Astray by Emma Donoghue

Maybe it’s the craziness of the season, but I’ve really been appreciating short story collections. This latest title from Emma Donoghue – the author of the phenomenal Room – is an intriguingly composed compilation: Donoghue presents a story introduced with a specific city and year, then gives the ‘ripped-from-the-headlines’ historical background that both explains and enhances her fictionalized narrative. Each is part of a centuries-old immigration journey, grouped together in three sections: “Departures,” “In Transit,” and “Arrivals and Aftermaths,” and in the final ”Afterword,” Donoghue – herself Irish-born, British PhDed, currently Canada-domiciled – explains “why, on and off, for the last decade and a half, I’ve been writing stories about travels to, within, and occasionally from the United States and Canada.” [If you choose the audible version, you'll get a full cast of effective narrators, but the best reward comes at the end when you get to hear Donoghue herself read the "Afterword" – that leftover lilt is just soooo inviting.]

Like Donoghue who has “gone stray, stepped off some invisible track [she] was meant to follow,” her characters begin in one place and are driven out, run away, move to, or search out somewhere else. In “Man and Boy,” two “self-made prodigies” are willing to accept “[w]hatever Barnum offers” – yes, as in P.T. – and prepare to sail from London in 1882 across the Atlantic toward waiting audiences. A young woman living in 1854 London in dire circumstances in “Onward” finds a surprising benefactor (I hope you’ll be as tickled as I was to learn his identity!) who offers the possibility of a reinvented life in the new world. In “Last Supper at Brown’s,” a slave and his missus flee 1864 Texas, leaving the master “facedown in the okra” (not my favorite veggie, either!).

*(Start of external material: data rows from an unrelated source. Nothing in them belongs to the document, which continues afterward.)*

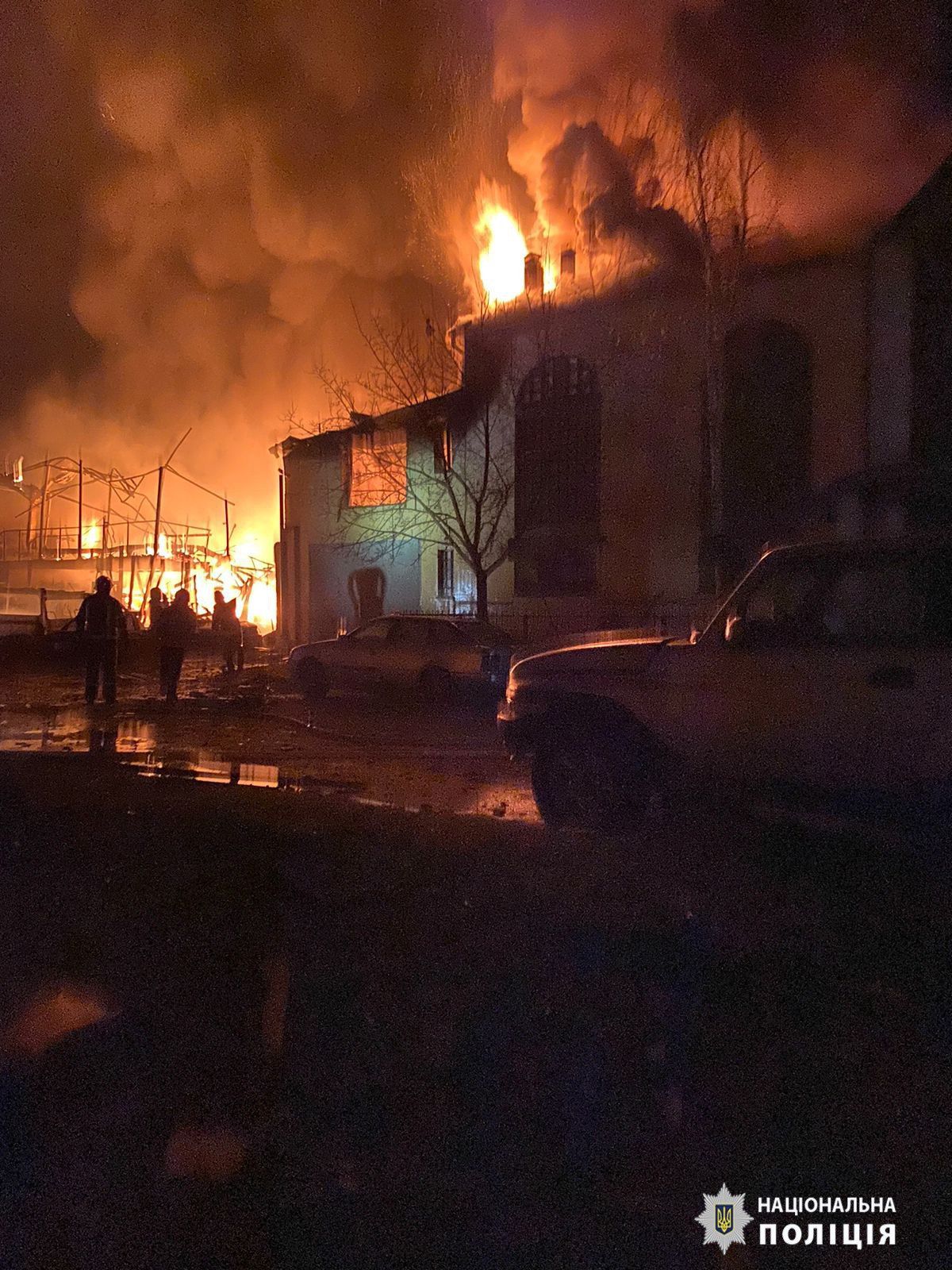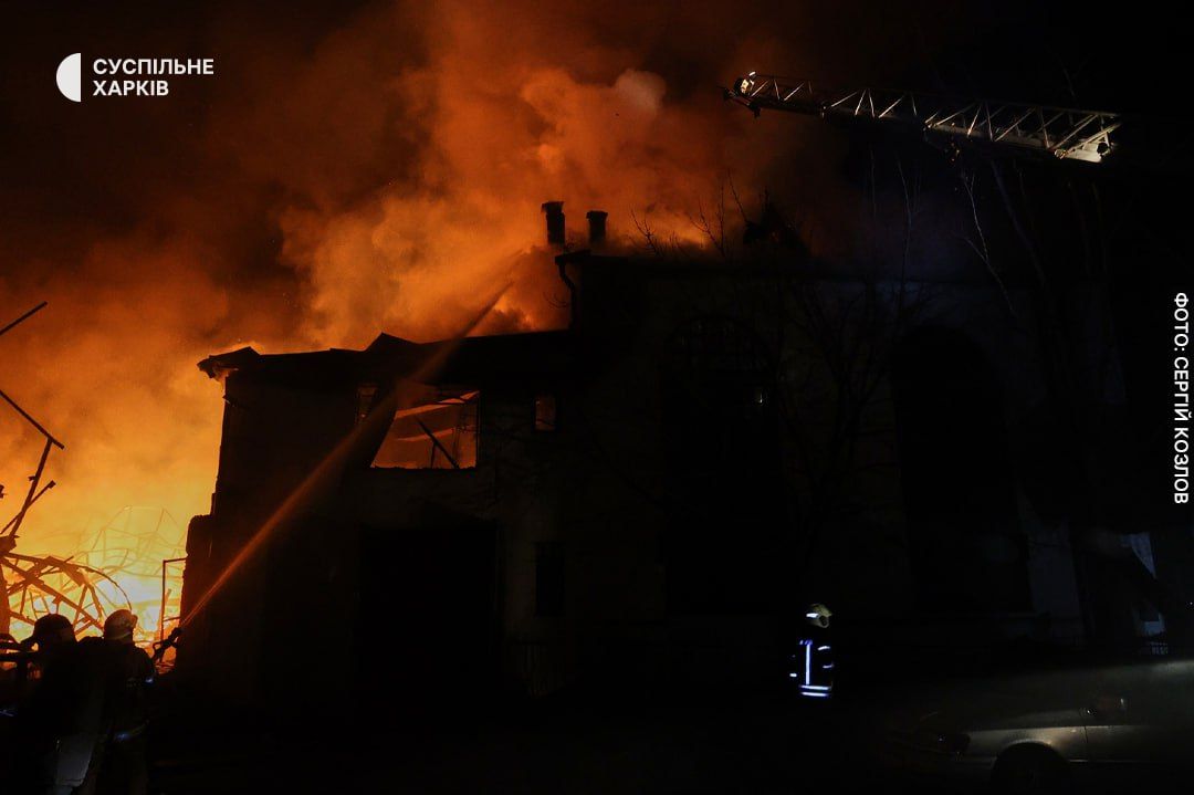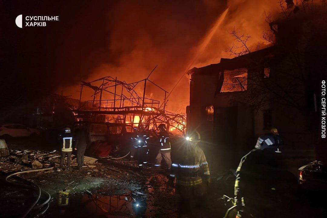 У поліції Харківської області розповіли, що щонайменше 10 російських безпілотників вдарили по цивільній інфраструктурі міста. У Харкові спалахнуло 5 пожеж.
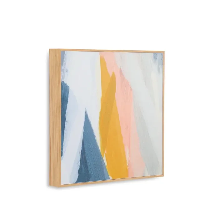 Details: Abstract stripes painted in a natural light wood frame
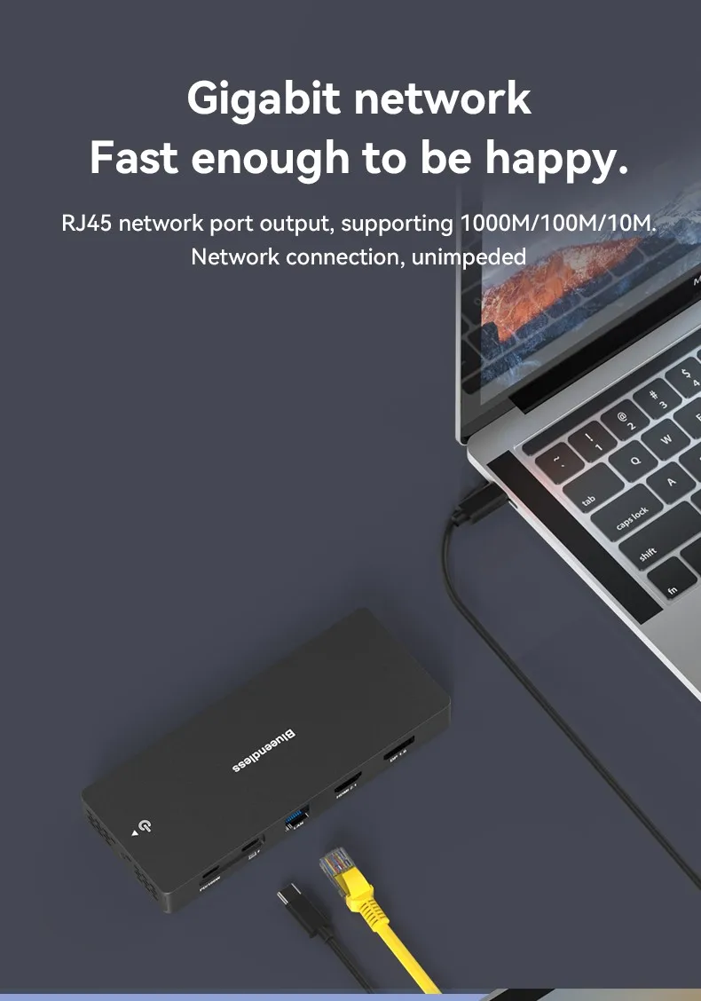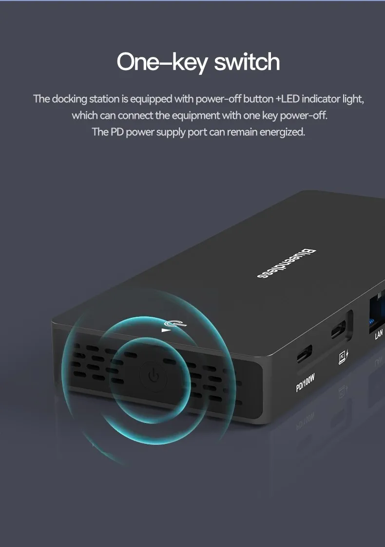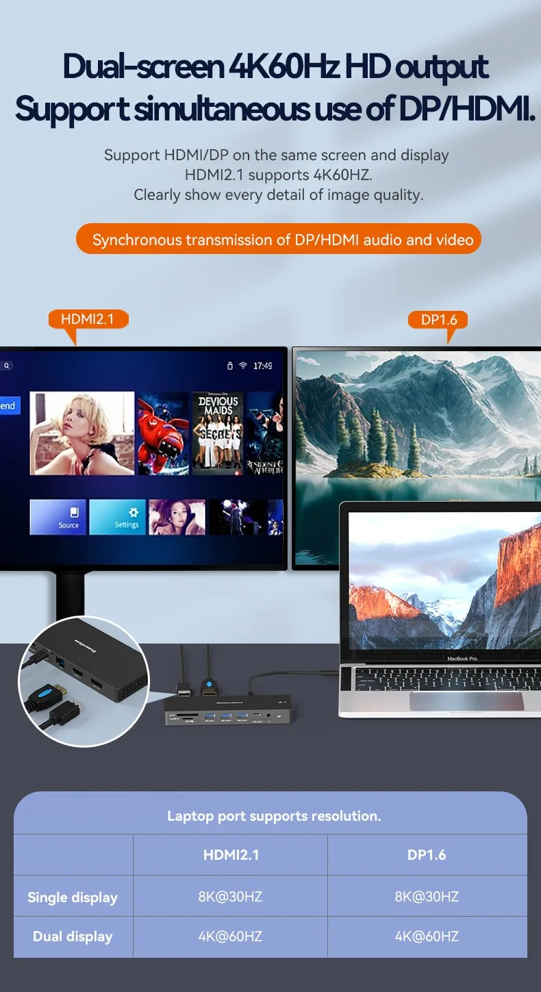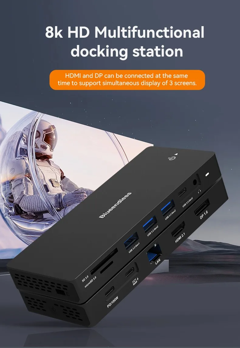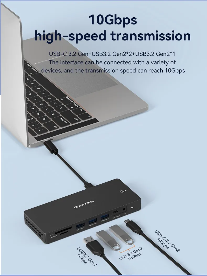 | HD1208 | 2*HDTV+2*USB-A 10Gbps+USB-A 5Gbps+USB-C 10Gbps+Lan+Audio+SD/TF+PD |

In “Counting the Days,” plans for reunion between a waiting husband in Canada and his Irish wife and young children are tragically thwarted. A lawless woman of the Wild West captures a wayward prospector, and acting as her own “judge and jury,” decides to return him to his family with a few adventures along the way in “The Long Way Home.” In “The Gift,” a destitute new mother gives up her daughter in 1877 and spends the rest of her life trying to reclaim her. The private lives of a 1639 Cape Cod community are transgressively revealed, then recanted in “The Lost Seed.” And, in my personal favorite, “Daddy’s Girl,” a young woman learns the true identity of her father only upon his death.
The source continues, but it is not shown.